In other words, SARS-CoV-2 generated multiple antigenic components (different variants) initially, that is, during its zoonotic spillover to humans. If SARS-CoV-2 transitions to an endemic state, population immunity to its circulating variants will fuel its antigenic evolution, but this transition will slow down its antigenic evolution. Furthermore, most of the intrinsic changes in the antigenic drift of SARS-CoV-2 will become compensatory, as observed during the evolutionary path of SARS-CoV-2 leading to the emergence of Omicron. Interestingly, in Omicron, stronger binding affinity to human cell receptors compensates for the attenuated fusogenicity.
Conclusions
The data-driven fitness model used by the study facilitated tracking the ongoing multifaceted antigenic evolution of SARS-CoV-2. It could also predict how SARS-CoV-2 will evolve in the future to inform preventive vaccination strategies. More importantly, the study’s analysis showed that the relationship between vaccination coverage and rate of evolution was complex due to correlations between channels of cross-immunity. Consequently, fewer vaccines lead to more SARS-CoV-2 infections, generating cross-immunity in other channels of immunity.

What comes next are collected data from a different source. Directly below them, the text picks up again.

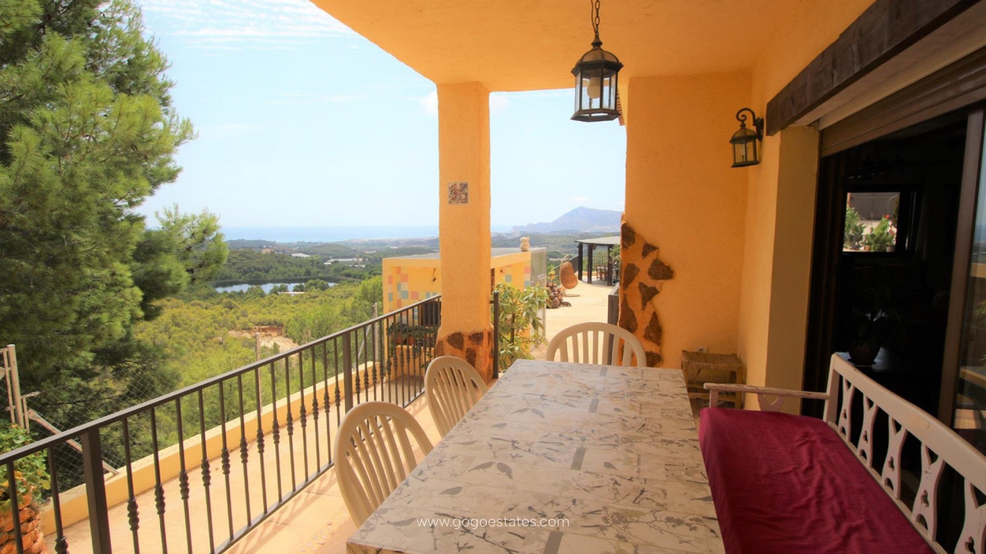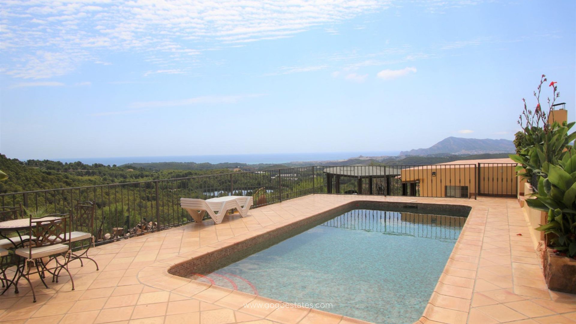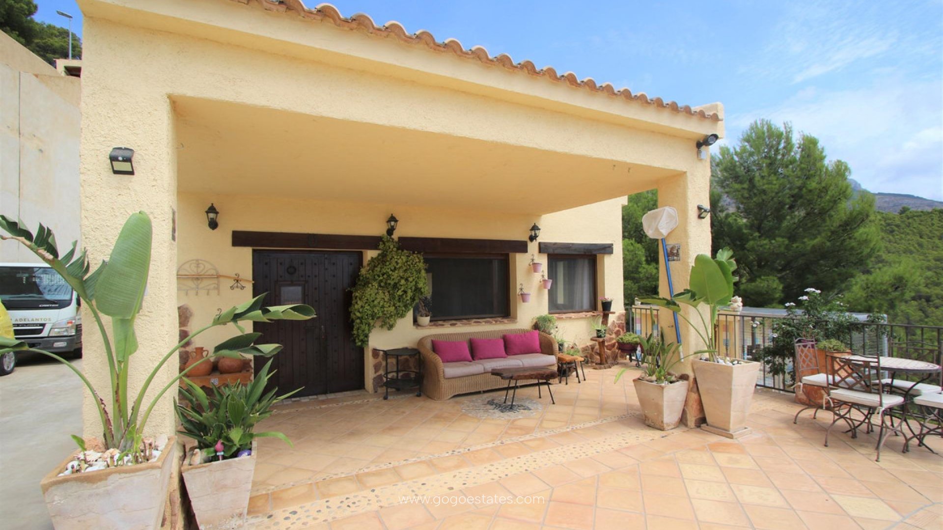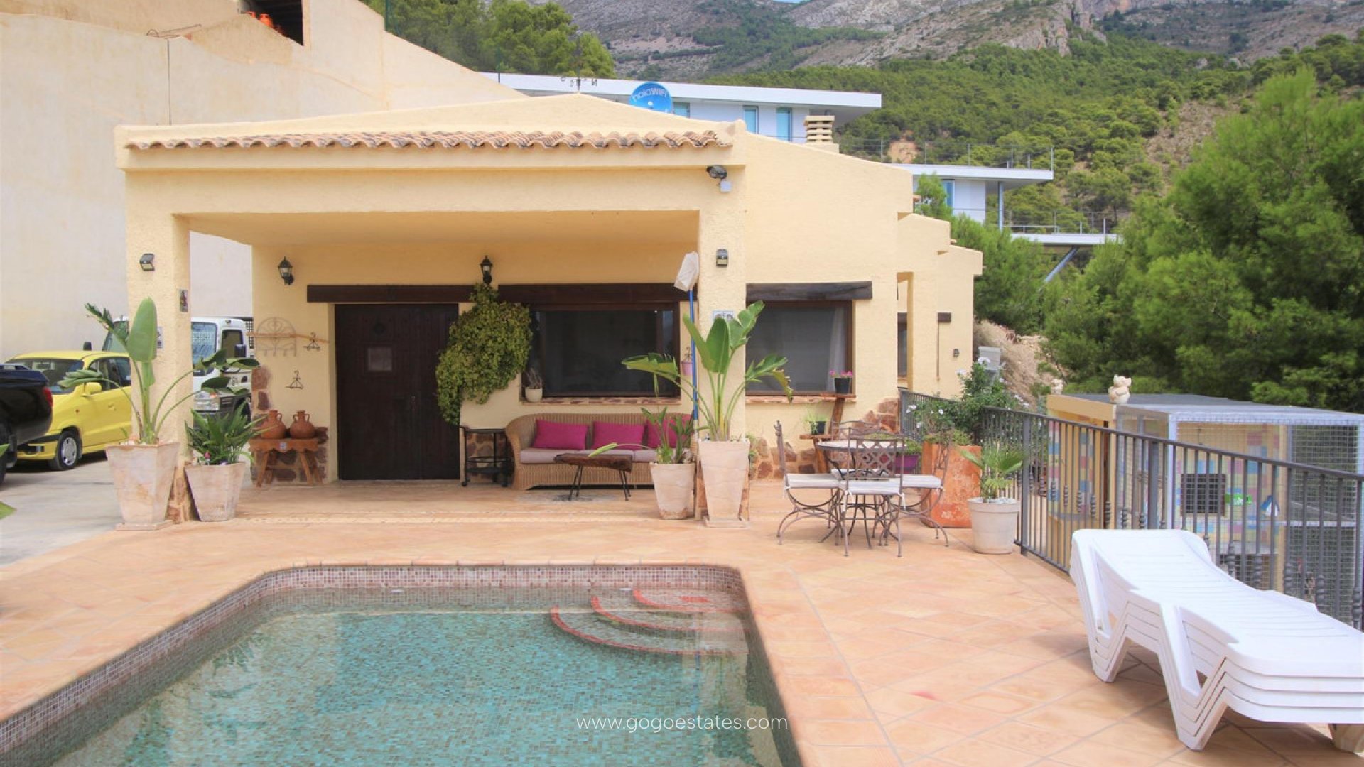 Villa met gastenverblijf, prive zwembad, overdekte buitenkeuken, verschillende terrassen, grote garage en veel parkeerruimte. De hoofdwoning heeft een ruime woon /eetkamer met open keuken, een wasruimte/berging, 2 slaapkamers en 1 badkamer. Er is verwarming met gasradiatoren, open haard, dubbel beveiligd glas, rolluiken en muggenramen. Het gastenverblijf heeft 2 slaapkamers en 1 badkamer. De grote overdekte ingerichte buitenkeuken heeft een BBQ, een gasfornuis en een pizza oven. Vanaf al de terrassen heeft men zicht op Altea, de Middelandse Zee en de bergen.
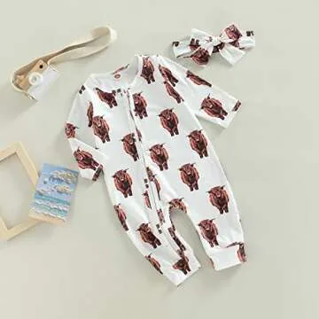 Show more Introducing the adorable Gueuusu Western Newborn Baby Boy Girl Cow Print Romper, the perfect outfit for your little one this fall and winter season! Crafted from soft, breathable fabric, this stylish long-sleeve jumpsuit effortlessly combines comfort and charm. The cute cow print design adds a fun and trendy flair, making it a delightful outfit choice for both boys and girls. Featuring a cozy crewneck and easy snap closures, dressing your baby will be a breeze. Designed for infants aged 12-18 months, this one-piece bodysuit is sure to keep your baby snug and fashionable during the chilly months.
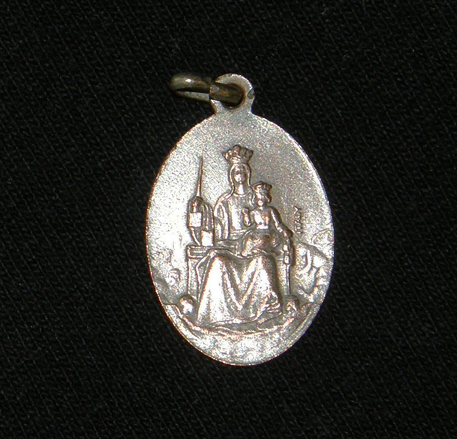Reverse, Our Lady of Mt. Carmel, child Jesus on her knee, holding scapulars; marked Italy
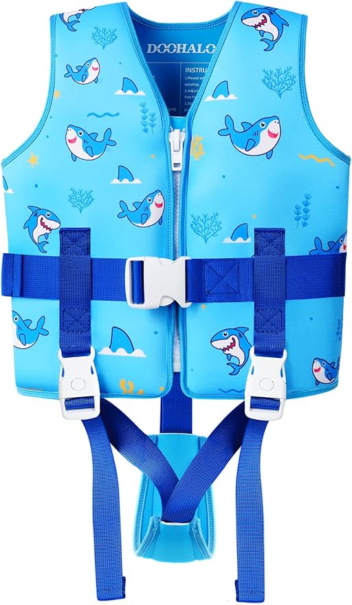 The DOOHALO vest, tailored for toddlers weighing between 22-33 lbs, offers a snug fit with adjustable safety features. Its vibrant blue shark design is not just eye-catching, but functional, with detachable foam blocks to adjust buoyancy, ensuring your child’s swimming experience is enjoyable and secure.
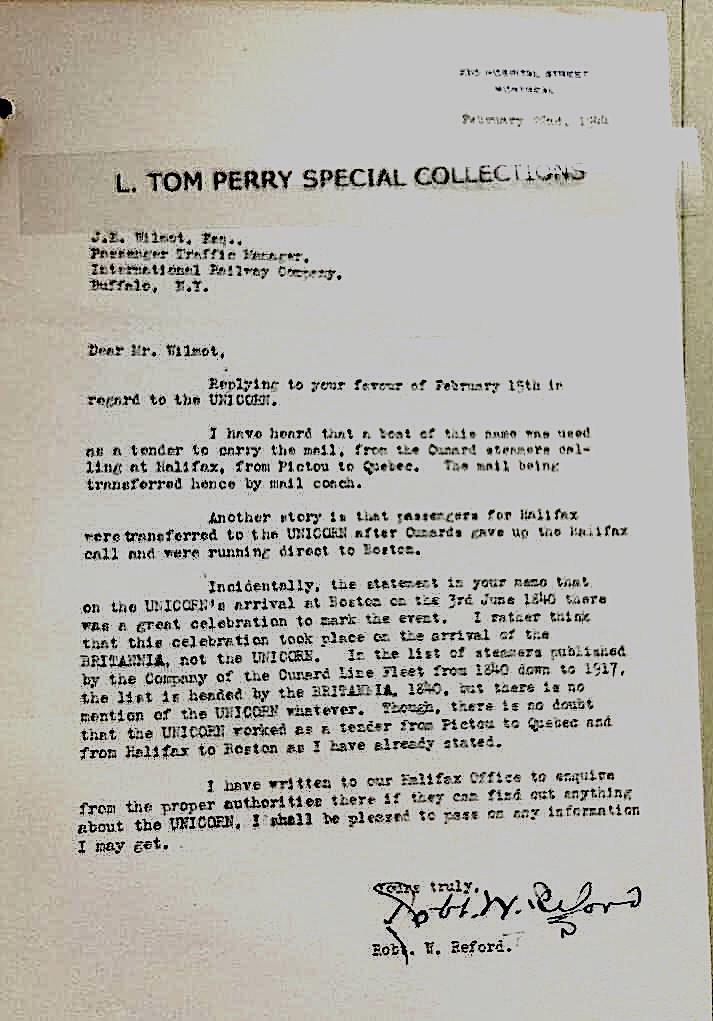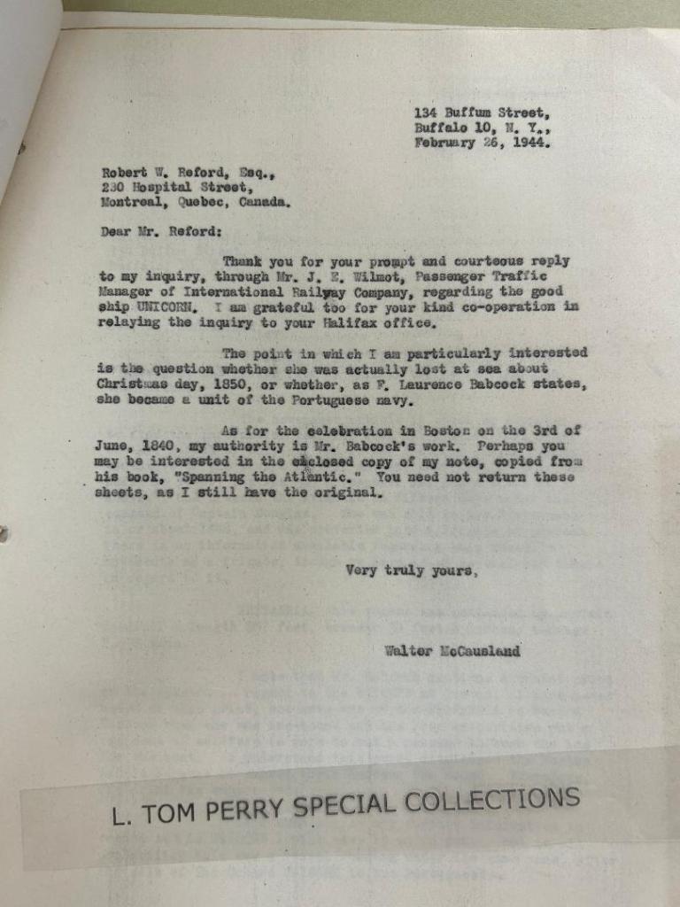 Below: March 18, 1944, Mr. Robert Reford writes to McCausland stating that the Unicorn that was reported to be lost at sea, December, 1850, was likely a vessel using the same name as the two other Unicorn ships that have maritime records.

It should also be noted that antigenic selection induced by infection always contains components of opposite types. Therefore, while primary infections by the ancestral SARS-CoV-2 clade generated positive selection, infection by newly created clades generated negative selection. This cycle prolonged the coexistence of both ancestral and invading clades. SARS-CoV-2 antigenic selection produced complex but measurable time-dependent patterns.
*Important news
bioRxiv publishes preliminary scientific reports that are not peer-reviewed and therefore should not be considered conclusive, guide clinical practice/health-related behavior, or be treated as established information.